[Libre-soc-bugs] [Bug 238] POWER Compressed Formal Standard writeup

bugzilla-daemon at libre-soc.org bugzilla-daemon at libre-soc.org
Tue Dec 1 01:33:46 GMT 2020


https://bugs.libre-soc.org/show_bug.cgi?id=238

--- Comment #164 from Alexandre Oliva <oliva at gnu.org> ---
it occurred to me that the reversal of M and N might have contributed to our
miscommunication in my question about N without M.

now here's another bit that may be contributing to our miscommunication, and
that it would be good to clear up, if nothing else because it might be hiding a
major problem in the encoding design

I hear that the mode and length decoder, namely phase 1, only have to look at
bits M and N of compressed insns to determine length of current insn and mode
of the next, and that's what's pseudocoded.

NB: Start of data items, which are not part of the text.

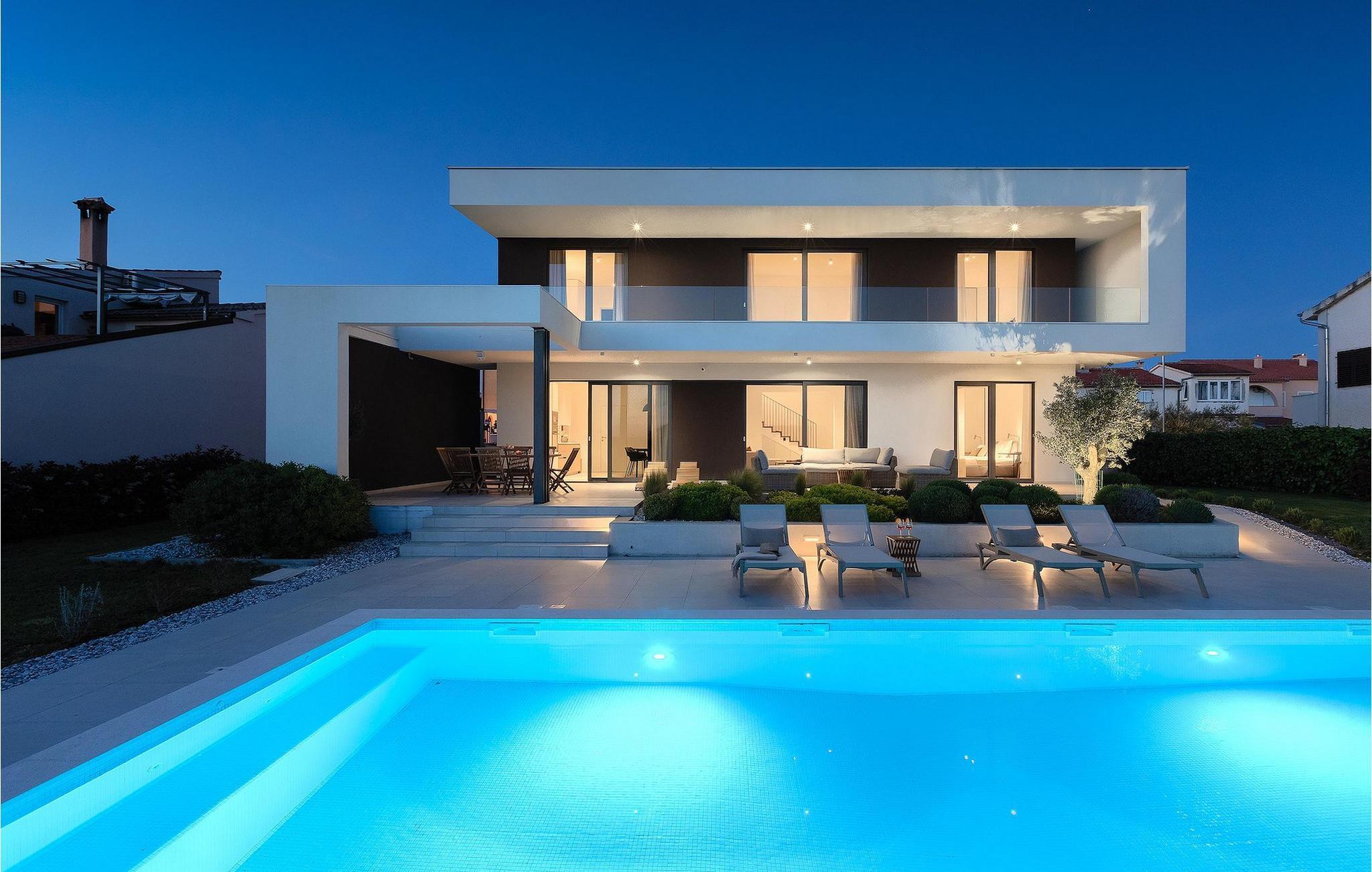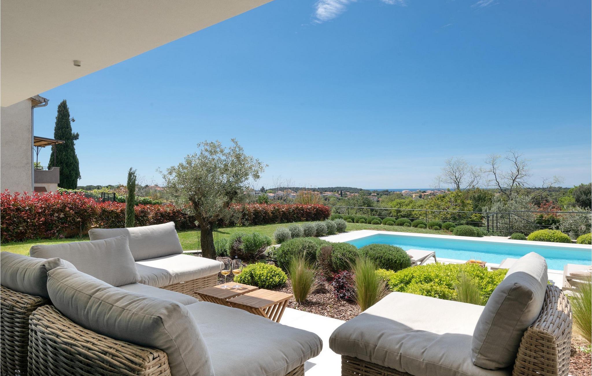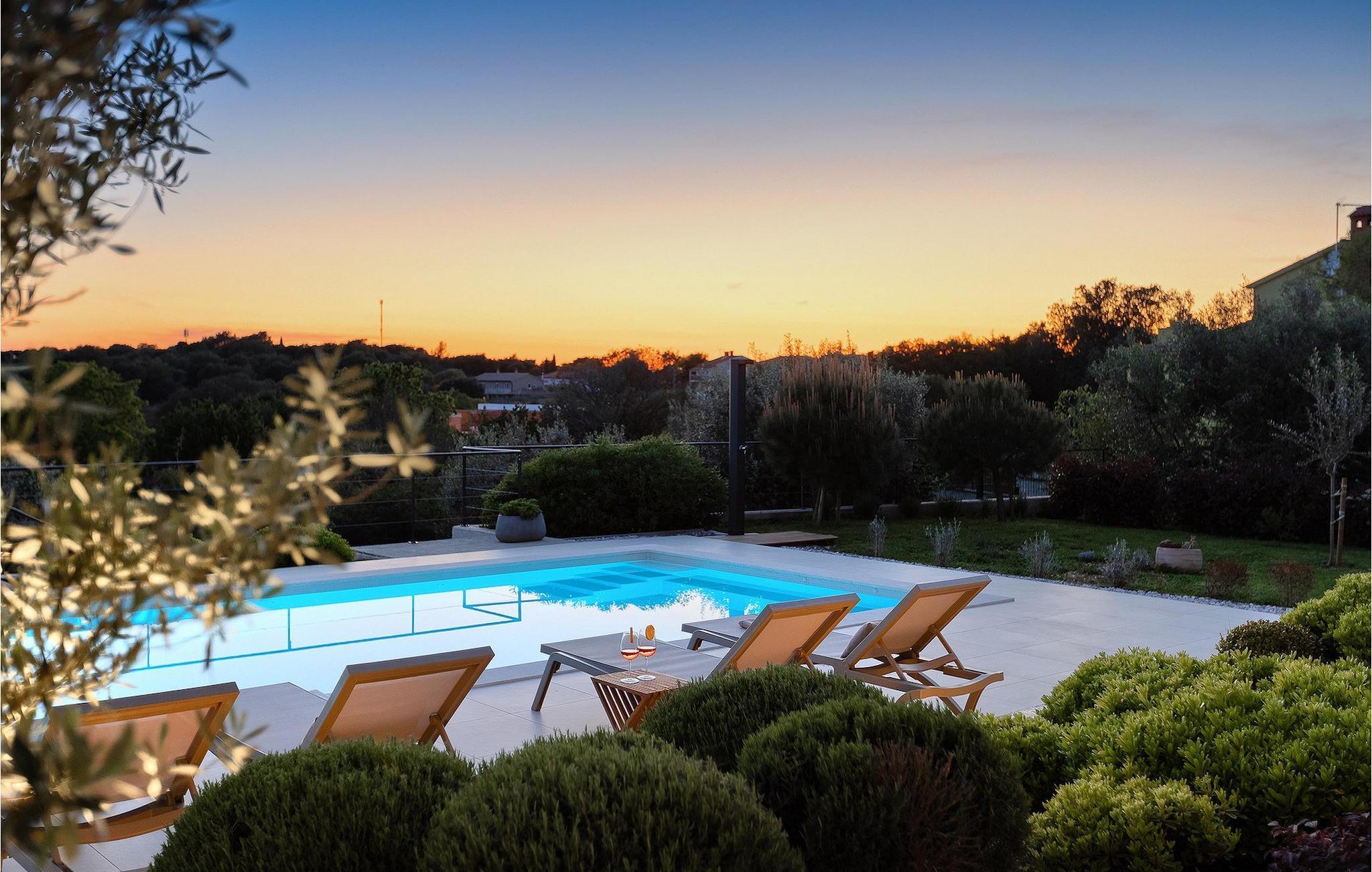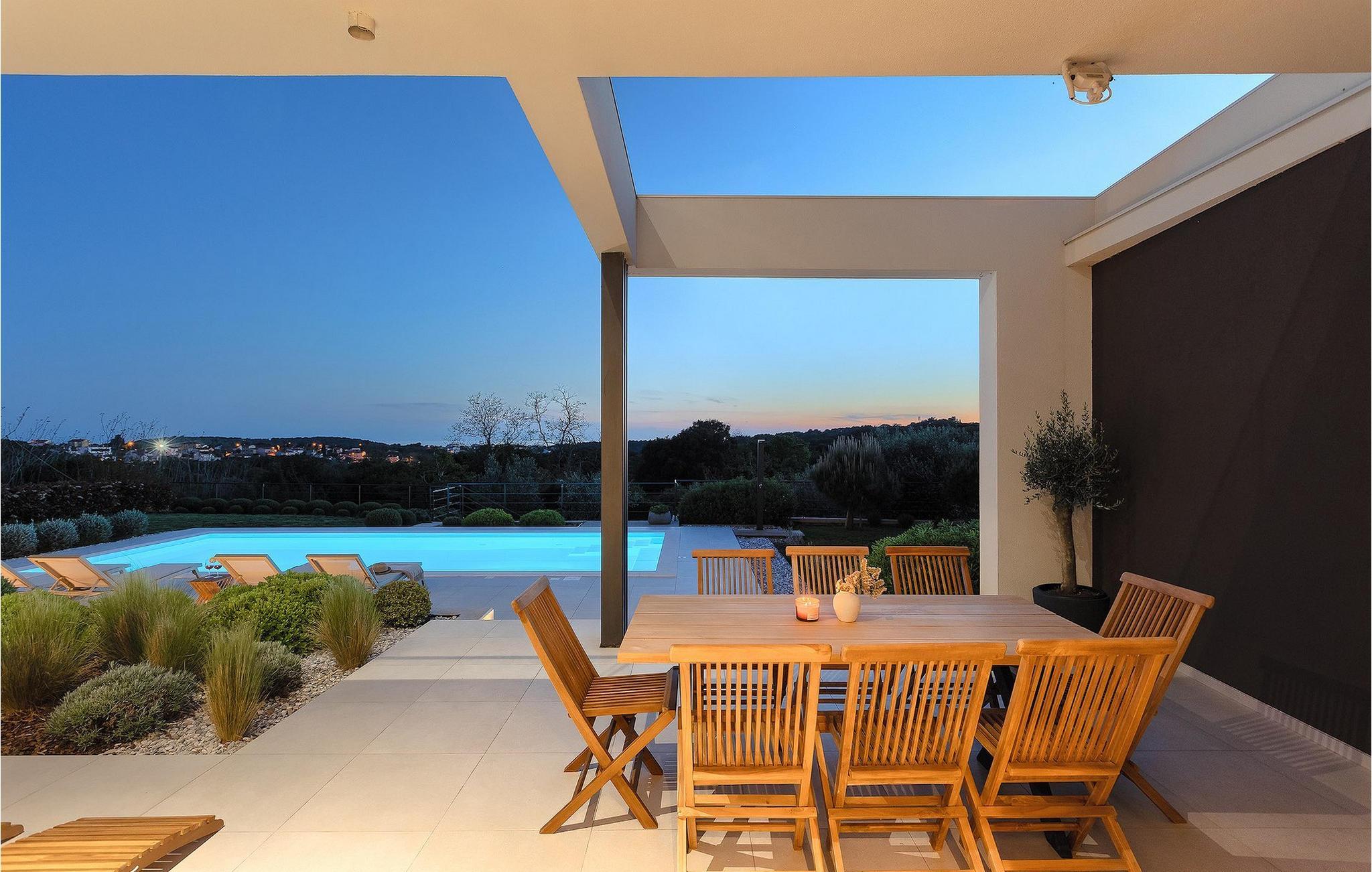 Den luksuriøse Villa Sealine nær byen Pula er ideel for dem, der søger en rolig flugt og afslapning. Villaen blev bygget i 2022, den ligger cirka 400 meter fra havet og kan rumme op til 8 personer i 4 soveværelser og 4 badeværelser fordelt på 2 etager. Dets faciliteter vil helt sikkert give gæsterne alt, hvad de har brug for, når de besøger Istrien. Villaens udeareal er et dejligt stort rum til fuld afslapning. Mens omgivet af masser af vegetation. Den 40m2 private pool med hydromassage giver gæsterne mulighed for at køle af på de varme sommerdage, og det vil være højdepunktet på børnenes ferie. Voksne kan slappe af ved poolen på de komfortable liggestole, slikke strålerne, mens de læser en god bog og nipper til en forfriskende drik. Eksperimenter med det kroatiske køkken ved at tilberede gode måltider på kulgrillen og dele dem med familie og venner i terrassens overdækkede spiseplads. Interiøret vil heller ikke skuffe, med et rent, lyst og moderne design i hele huset. En stor stue, et fuldt udstyret køkken med spiseplads, et separat toilet og et dejligt dobbeltværelse med eget badeværelse med bruser findes i stueetagen. På første sal er der yderligere 3 dobbeltværelser med eget badeværelse og terrasser med fantastisk udsigt. I hele villaen kan du nyde den fantastiske panoramaudsigt over omgivelserne, samt Adria. Villaen har også fuldt aircondition og har Wi-Fi-adgang. Villa Sealine er smukt designet, rummelig og veludstyret, så at bo i denne villa kan være det helt rigtige valg for at nyde en fantastisk tid i Istrien.
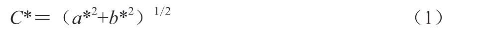 参照Alonso等[9]的方法,使用色差计测定。将骆驼肉在空气中暴露30 min,用色差计测定骆驼肉表面亮度值(L*)、红度值(a*)和黄度值(b*)。色差计使用前用黑板和白板校准,选择光源D65,观察者角度10°。L*=100为白,L*=0为暗;a*>0表示颜色偏红,a*越大,表示颜色越红;b*>0表示颜色偏黄,b*越大,表示肉色越偏黄,b*<0表示颜色偏蓝。色度值(C*)按式(1)计算,C*越高表示颜色越鲜艳。
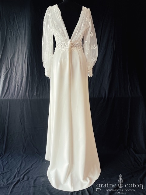 Dépôt de trois nouvelles robes pour clôre la journée : – la création « Vivi » de Stéphanie Wolff, en crêpe de soie ivoire et dentelle, magnifique dos nu en V. Taille …
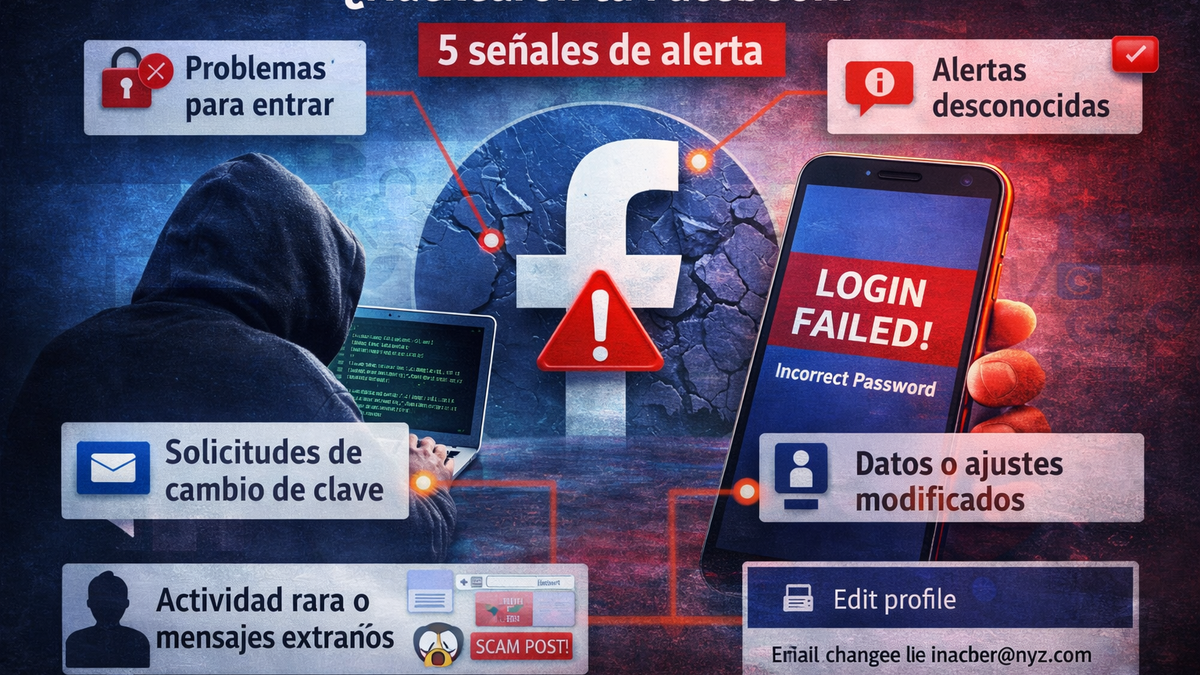 Problemas para iniciar sesión, alertas desconocidas y actividad extraña en Facebook pueden ser señales de que otra persona tomó el control de tu cuenta.
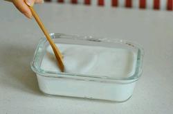 3、倒入鋪好保鮮膜的玻璃盒,放冰箱冷藏至膏狀
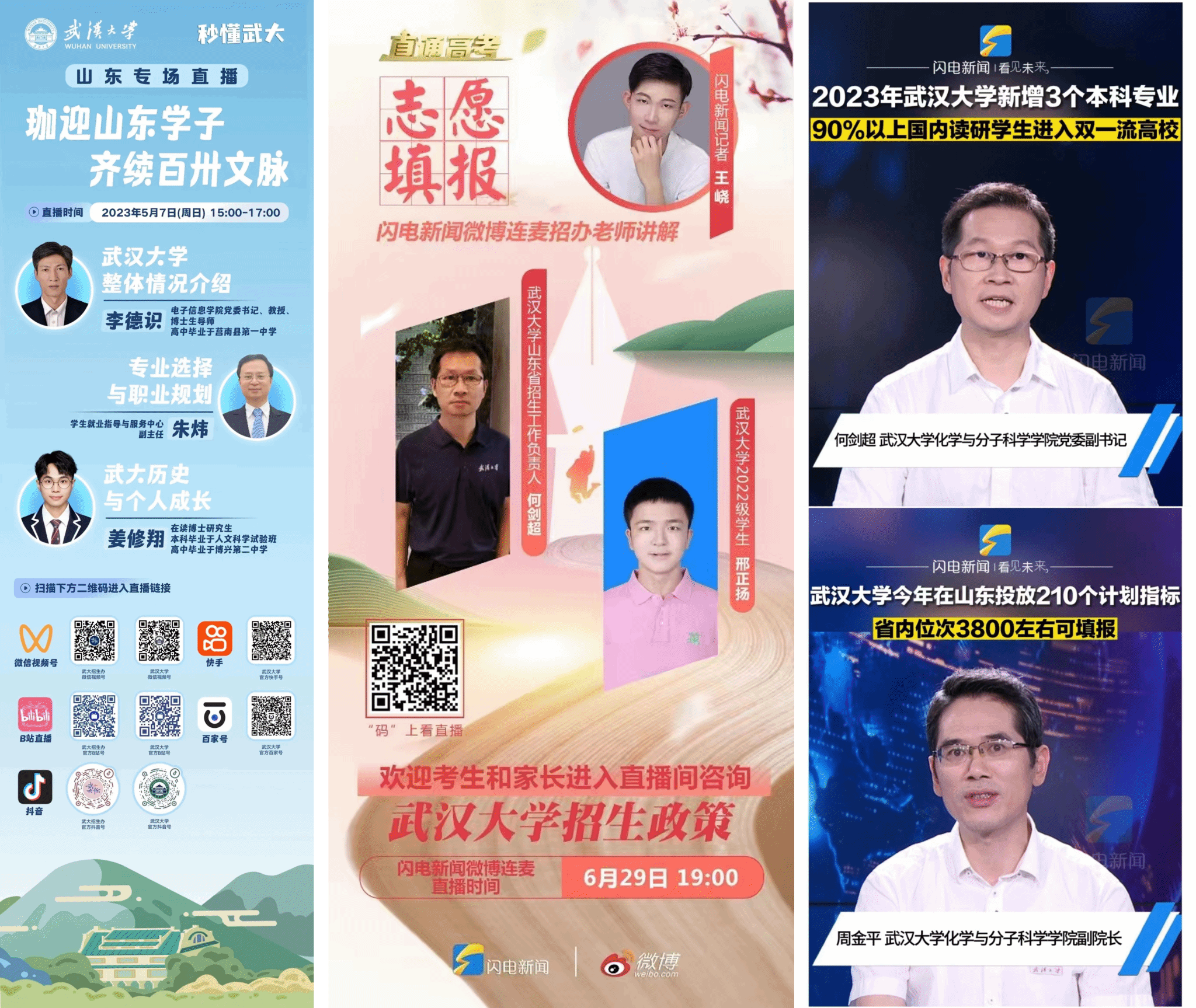 山东招生咨询QQ群,组织专任教师、学生大使在群内对招生政策、学校概况、专业特色、办学条件等问题与群里考生及家长进行交流答疑,获得了考生及家长的好评。招生组还通过“秒懂武大”山东专场、山东广播电视台“直通高考”、闪电新闻微博连麦等线上平台开展宣传工作,并与考生及家长交流互动,参与人次超过10万,取得了良好的宣传效果。在做好线上宣传的同时,招生组从2023年3月起,先后7次前往济南、青岛、日照、威海、滨州、淄博等地区开展前期招生宣传工作,发放招生宣传材料5000余份,为后续的招生攻坚战打下了坚实的基础。集中宣传期间,招生组奔赴山东省16个地市区开展集中宣传和志愿填报指导活动120余场,收集符合学校招生目标位次段的考生700余人,并在现场宣传后开展针对性电话或线上回访,与考生和家长保持密切联系,指导服务报考。

me, I see no way to avoid also looking at Cmaj.m bits to tell whether M and N
have the usual meaning, or whether we're looking at a '16b sub' insn, where the
bit that usually holds N serves a different purpose.

I build my case on the following opcodes:

| 0111 | BA2 | | 001.1 | 0 BA | BB  | M | crnand
| 1000 | BA2 | | 001.1 | 0 BA | BB  | M | crand

if the decoder naively looks at the bits usually assigned to N and M, namely 0
and 15, I think it could make decisions that AFAICT would be incorrect for
subsequent insns

my assumption is that, for these insns depicted under 2.1.9, N is absent, so
only M should take effect, as in the 10-bit encoding.  IMHO it would be
surprising, bordering nonsensical, for part of the subopcode to force some of
the cr ops (like crand, whose "N" is 1) to choose between only be followed by
32-bit then 16-bit or remain in 16-bit mode, while others (like crnand, whose
"N" is 0) have to choose between permanent 32- or 16-bit.

now, consider a 16-bit crand insn is to be followed by several uncompressed
insns, so it has M=0

the phase 1 decoder, however, looks at M and N bits and sees NM = 0b10, meaning
32-bit-then-16-bit

so the next insn will be decoded as an uncompressed 32-bit one, just as
expected

but after it, we'll return to compressed mode, which is (to me) not expected

thus I claim the phase 1 decoder has to look at Cmaj.m, in addition to M and N,
to tell that the bit that usually means N doesn't really mean that for that
opcode.

is that really not so, i.e., are cr opcodes really to have their bit 0
interpreted as N even though it's also part of the subopcode?